Content starts

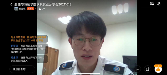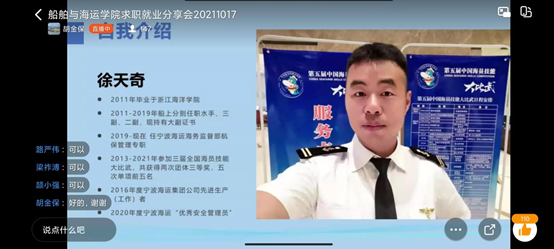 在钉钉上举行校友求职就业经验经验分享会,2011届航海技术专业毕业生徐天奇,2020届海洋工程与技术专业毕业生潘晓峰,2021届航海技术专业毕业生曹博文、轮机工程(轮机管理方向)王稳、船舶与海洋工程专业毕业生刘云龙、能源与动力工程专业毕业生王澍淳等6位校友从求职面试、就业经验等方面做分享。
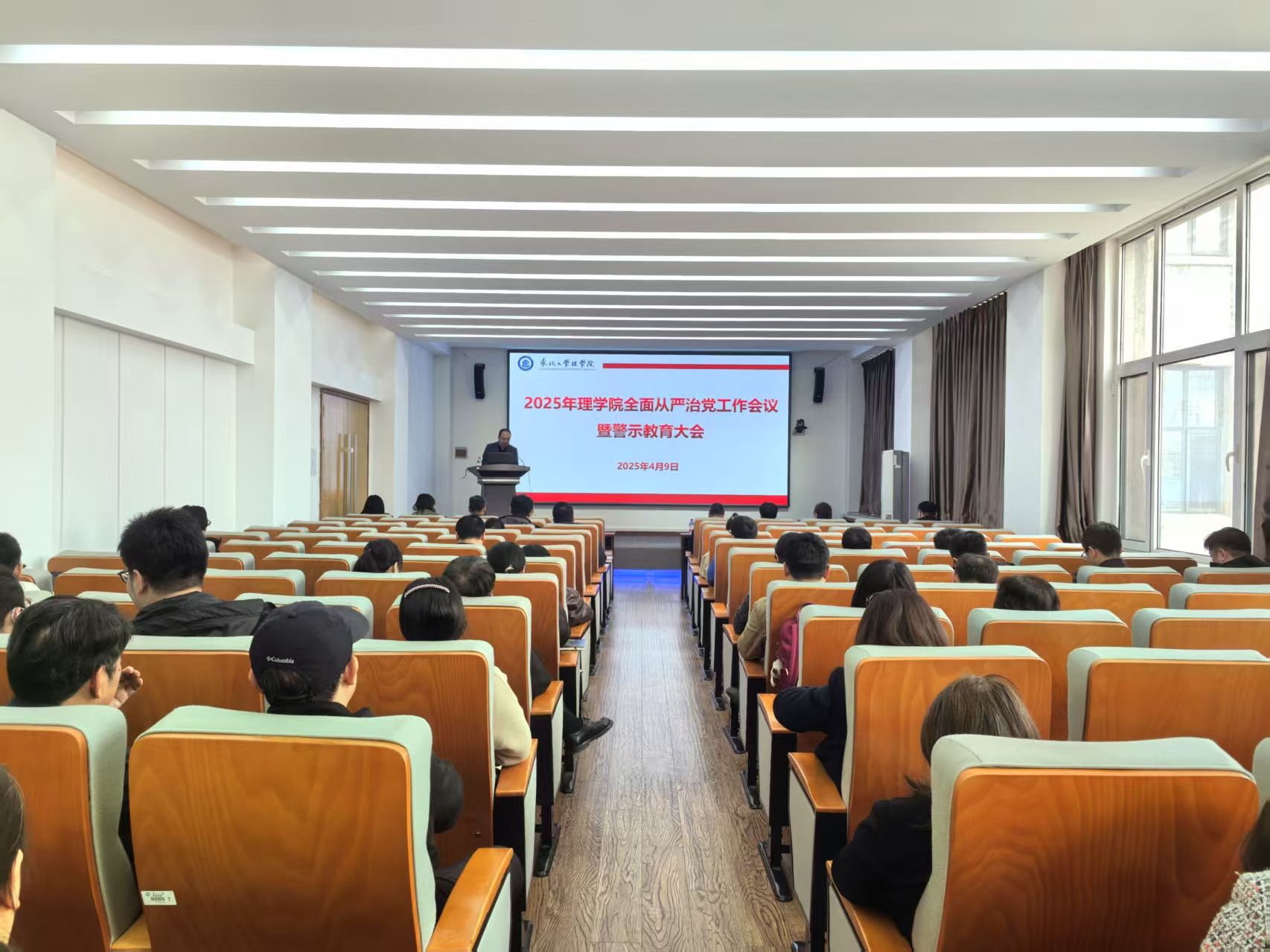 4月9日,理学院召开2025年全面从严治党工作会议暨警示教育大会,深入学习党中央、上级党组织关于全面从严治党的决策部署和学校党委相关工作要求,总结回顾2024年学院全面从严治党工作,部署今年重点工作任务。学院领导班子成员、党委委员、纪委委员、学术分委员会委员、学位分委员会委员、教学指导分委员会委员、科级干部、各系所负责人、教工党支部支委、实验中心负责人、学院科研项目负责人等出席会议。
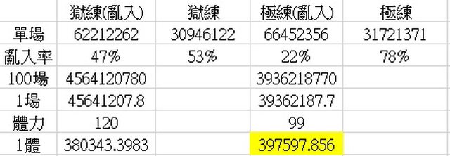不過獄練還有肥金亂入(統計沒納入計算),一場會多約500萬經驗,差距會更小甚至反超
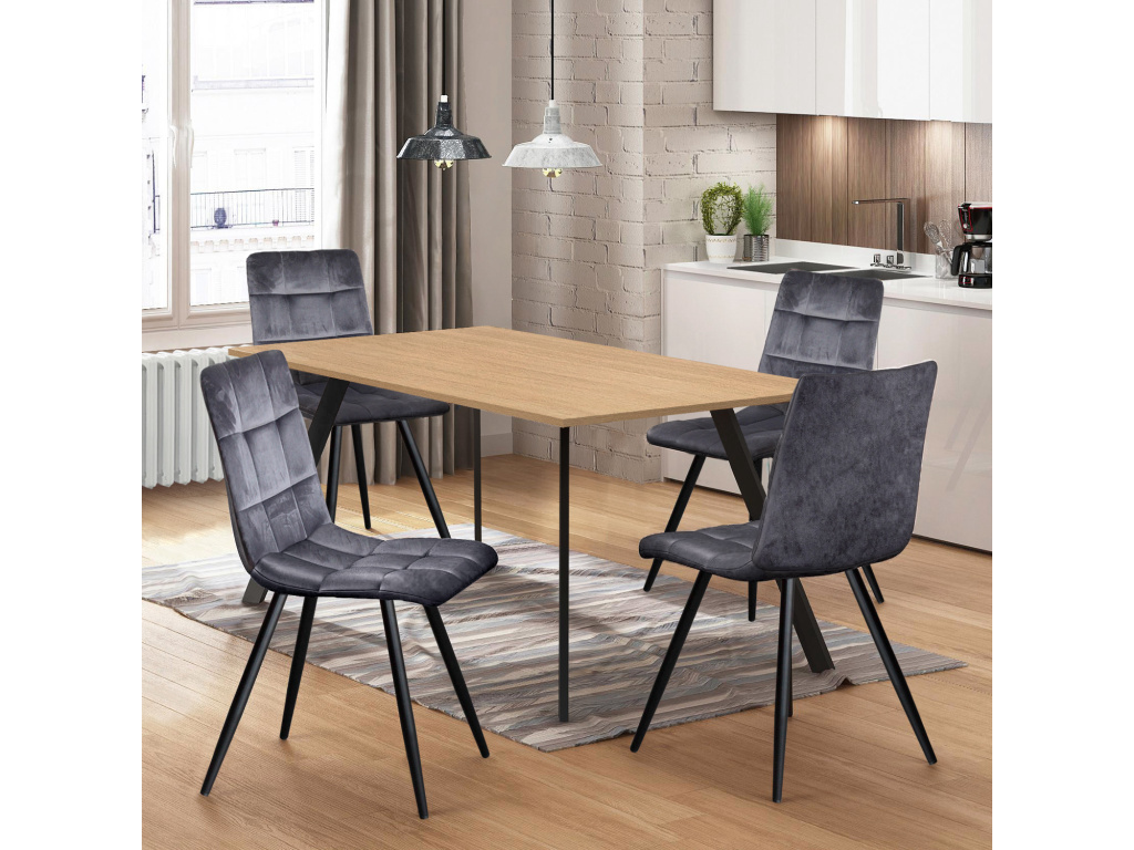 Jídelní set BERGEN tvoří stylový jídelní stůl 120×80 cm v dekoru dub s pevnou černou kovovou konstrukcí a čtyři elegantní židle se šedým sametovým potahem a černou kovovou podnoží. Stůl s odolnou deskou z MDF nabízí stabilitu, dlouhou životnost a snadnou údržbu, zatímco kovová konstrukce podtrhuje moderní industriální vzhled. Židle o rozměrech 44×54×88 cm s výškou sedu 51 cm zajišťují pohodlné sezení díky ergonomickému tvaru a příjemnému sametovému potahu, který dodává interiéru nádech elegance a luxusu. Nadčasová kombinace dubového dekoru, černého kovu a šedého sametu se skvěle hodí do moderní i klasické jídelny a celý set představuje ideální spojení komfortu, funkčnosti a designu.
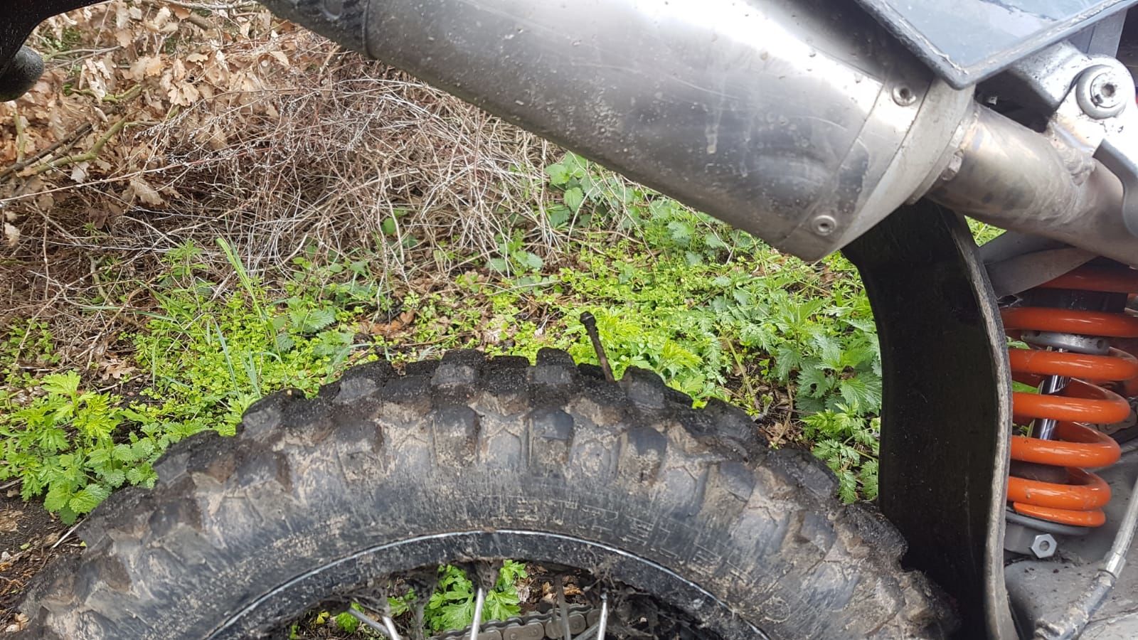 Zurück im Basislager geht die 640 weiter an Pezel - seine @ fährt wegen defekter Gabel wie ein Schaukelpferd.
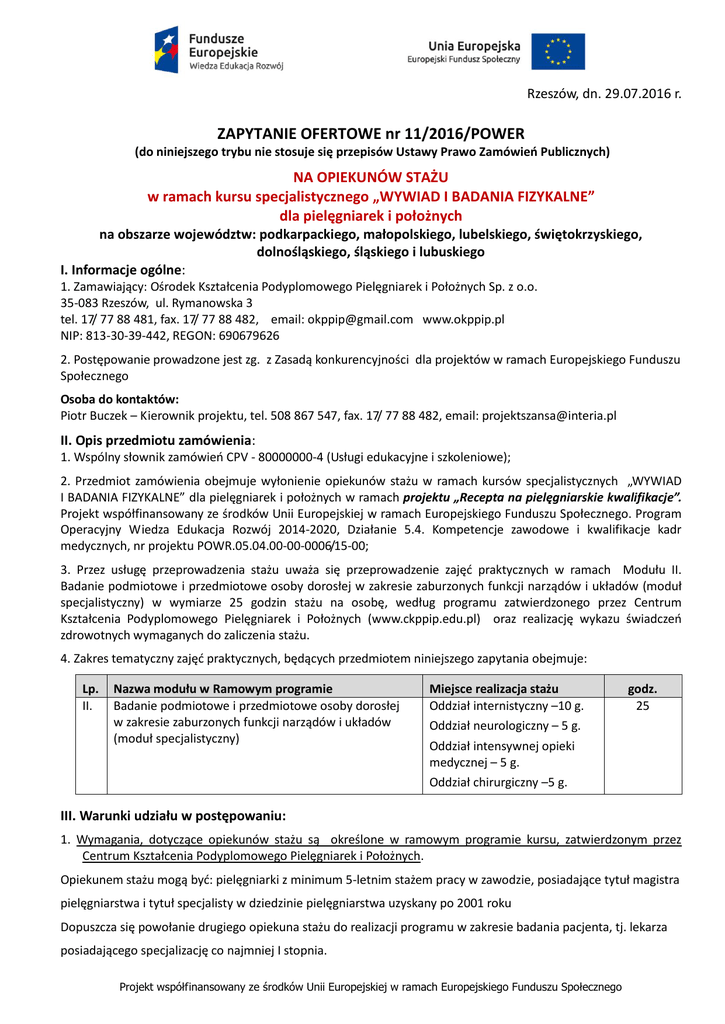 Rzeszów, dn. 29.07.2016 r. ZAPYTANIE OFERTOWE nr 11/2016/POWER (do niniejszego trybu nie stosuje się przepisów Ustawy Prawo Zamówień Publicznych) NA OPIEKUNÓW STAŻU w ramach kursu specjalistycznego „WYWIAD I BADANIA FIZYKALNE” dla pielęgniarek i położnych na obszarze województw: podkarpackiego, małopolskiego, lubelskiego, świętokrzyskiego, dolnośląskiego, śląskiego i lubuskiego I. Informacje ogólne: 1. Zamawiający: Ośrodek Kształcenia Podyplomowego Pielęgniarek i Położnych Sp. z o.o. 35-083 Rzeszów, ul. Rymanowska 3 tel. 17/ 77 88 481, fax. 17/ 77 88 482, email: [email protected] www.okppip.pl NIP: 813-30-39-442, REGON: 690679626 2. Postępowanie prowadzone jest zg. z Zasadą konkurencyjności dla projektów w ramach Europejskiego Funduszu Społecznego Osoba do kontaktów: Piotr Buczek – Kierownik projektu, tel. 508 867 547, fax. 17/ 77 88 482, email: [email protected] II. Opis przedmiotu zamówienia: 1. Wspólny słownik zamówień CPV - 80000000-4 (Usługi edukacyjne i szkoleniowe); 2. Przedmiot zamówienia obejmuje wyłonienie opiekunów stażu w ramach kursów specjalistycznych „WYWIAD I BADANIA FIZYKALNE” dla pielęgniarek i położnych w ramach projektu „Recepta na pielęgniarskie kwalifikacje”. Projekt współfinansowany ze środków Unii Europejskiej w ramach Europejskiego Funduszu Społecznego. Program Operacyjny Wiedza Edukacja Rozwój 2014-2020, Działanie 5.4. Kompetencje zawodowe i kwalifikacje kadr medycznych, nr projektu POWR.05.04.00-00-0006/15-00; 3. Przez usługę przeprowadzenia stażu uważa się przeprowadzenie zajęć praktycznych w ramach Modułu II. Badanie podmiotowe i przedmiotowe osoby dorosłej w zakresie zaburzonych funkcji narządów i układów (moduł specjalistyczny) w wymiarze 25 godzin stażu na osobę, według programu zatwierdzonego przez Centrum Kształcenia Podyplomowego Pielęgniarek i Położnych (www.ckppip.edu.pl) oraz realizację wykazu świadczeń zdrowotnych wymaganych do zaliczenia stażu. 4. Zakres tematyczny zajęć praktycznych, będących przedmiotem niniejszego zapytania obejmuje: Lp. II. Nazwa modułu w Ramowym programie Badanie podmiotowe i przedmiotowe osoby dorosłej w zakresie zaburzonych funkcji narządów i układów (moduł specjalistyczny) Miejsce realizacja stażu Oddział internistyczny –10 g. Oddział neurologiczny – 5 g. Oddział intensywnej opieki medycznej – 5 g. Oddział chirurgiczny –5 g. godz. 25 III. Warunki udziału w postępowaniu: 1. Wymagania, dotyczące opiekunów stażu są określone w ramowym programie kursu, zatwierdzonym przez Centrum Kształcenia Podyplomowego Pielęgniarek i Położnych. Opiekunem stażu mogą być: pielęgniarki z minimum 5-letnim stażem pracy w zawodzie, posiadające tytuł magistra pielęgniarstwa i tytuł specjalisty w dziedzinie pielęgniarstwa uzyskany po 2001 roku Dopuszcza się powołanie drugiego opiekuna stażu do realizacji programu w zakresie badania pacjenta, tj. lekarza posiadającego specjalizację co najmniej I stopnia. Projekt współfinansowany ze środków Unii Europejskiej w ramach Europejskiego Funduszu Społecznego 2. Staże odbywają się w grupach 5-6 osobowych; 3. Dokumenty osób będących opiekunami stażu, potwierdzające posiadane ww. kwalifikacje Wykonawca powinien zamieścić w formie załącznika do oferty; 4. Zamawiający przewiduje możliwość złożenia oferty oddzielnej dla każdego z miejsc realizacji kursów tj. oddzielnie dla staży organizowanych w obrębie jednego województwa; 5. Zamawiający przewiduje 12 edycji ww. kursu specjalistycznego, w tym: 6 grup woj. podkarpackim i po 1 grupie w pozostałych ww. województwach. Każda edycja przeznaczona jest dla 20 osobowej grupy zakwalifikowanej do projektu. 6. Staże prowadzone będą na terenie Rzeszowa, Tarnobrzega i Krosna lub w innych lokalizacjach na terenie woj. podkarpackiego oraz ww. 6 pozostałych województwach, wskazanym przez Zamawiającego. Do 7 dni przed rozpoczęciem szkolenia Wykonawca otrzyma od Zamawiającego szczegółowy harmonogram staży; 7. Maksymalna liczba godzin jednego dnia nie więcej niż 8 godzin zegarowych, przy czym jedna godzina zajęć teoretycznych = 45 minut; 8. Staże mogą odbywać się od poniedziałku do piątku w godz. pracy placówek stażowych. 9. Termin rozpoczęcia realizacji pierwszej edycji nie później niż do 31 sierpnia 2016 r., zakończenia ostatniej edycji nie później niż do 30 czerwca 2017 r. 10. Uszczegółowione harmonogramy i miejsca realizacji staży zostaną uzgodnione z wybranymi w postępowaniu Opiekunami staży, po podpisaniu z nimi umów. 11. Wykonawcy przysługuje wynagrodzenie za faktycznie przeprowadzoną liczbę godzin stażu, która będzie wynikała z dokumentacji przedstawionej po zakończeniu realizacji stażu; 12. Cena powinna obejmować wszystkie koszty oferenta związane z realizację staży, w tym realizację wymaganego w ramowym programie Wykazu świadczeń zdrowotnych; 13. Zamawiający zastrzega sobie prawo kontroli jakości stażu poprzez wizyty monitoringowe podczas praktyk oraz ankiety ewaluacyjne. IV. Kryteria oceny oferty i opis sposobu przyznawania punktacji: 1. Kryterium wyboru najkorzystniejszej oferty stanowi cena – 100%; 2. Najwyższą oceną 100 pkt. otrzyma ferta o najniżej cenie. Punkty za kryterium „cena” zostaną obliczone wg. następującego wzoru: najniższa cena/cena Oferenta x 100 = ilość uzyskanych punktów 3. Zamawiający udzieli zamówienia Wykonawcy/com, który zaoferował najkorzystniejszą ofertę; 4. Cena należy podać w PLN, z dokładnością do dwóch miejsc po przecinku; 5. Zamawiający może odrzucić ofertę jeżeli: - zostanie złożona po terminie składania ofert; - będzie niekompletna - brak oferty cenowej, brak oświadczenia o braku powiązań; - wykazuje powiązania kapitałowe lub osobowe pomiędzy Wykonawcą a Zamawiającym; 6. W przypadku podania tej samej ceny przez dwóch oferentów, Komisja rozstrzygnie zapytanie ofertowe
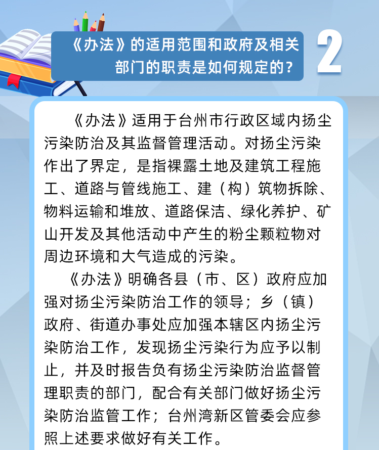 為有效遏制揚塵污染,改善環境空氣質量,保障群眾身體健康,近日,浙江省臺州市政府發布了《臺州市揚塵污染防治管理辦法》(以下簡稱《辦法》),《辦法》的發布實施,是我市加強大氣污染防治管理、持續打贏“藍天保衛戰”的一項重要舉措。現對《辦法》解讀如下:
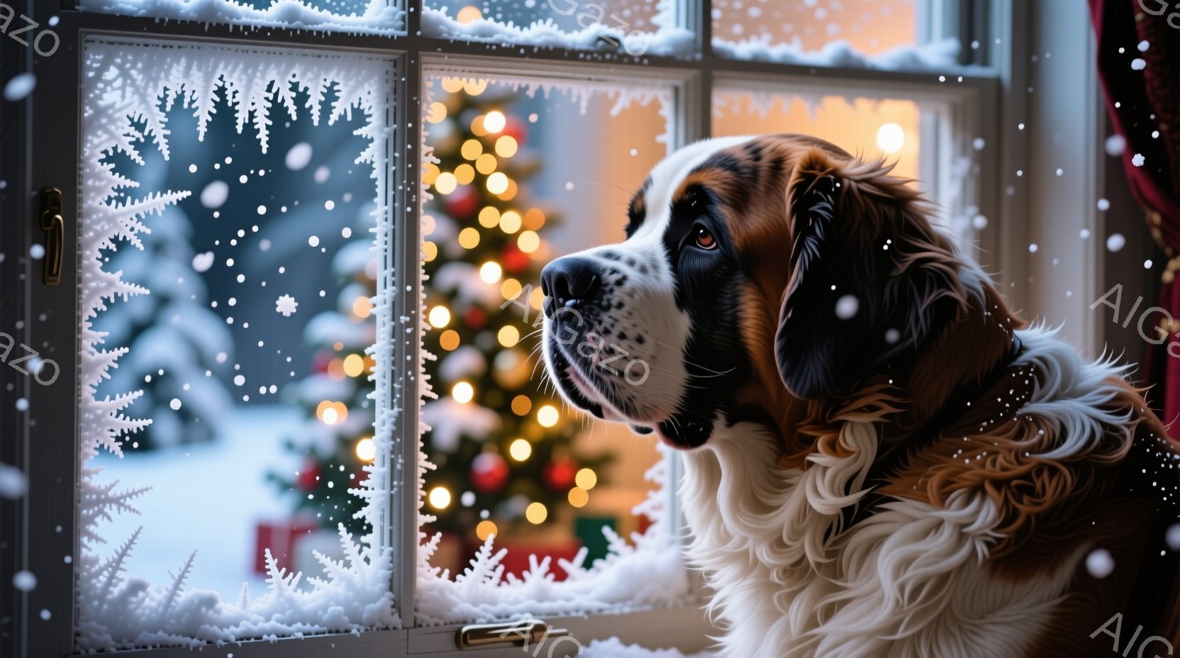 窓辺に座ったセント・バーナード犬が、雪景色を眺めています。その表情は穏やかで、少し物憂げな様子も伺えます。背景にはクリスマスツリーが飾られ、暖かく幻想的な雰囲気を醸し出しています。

Content ends

**WHAT NEEDS TO BE DONE**. The reply should consist only of the lines from the top of the material above through the line with "不過獄練還有肥金亂入(統計沒", printed exactly, pictures omitted.

**TASK RESULT**.
 在钉钉上举行校友求职就业经验经验分享会,2011届航海技术专业毕业生徐天奇,2020届海洋工程与技术专业毕业生潘晓峰,2021届航海技术专业毕业生曹博文、轮机工程(轮机管理方向)王稳、船舶与海洋工程专业毕业生刘云龙、能源与动力工程专业毕业生王澍淳等6位校友从求职面试、就业经验等方面做分享。
 4月9日,理学院召开2025年全面从严治党工作会议暨警示教育大会,深入学习党中央、上级党组织关于全面从严治党的决策部署和学校党委相关工作要求,总结回顾2024年学院全面从严治党工作,部署今年重点工作任务。学院领导班子成员、党委委员、纪委委员、学术分委员会委员、学位分委员会委员、教学指导分委员会委员、科级干部、各系所负责人、教工党支部支委、实验中心负责人、学院科研项目负责人等出席会议。
不過獄練還有肥金亂入(統計沒納入計算),一場會多約500萬經驗,差距會更小甚至反超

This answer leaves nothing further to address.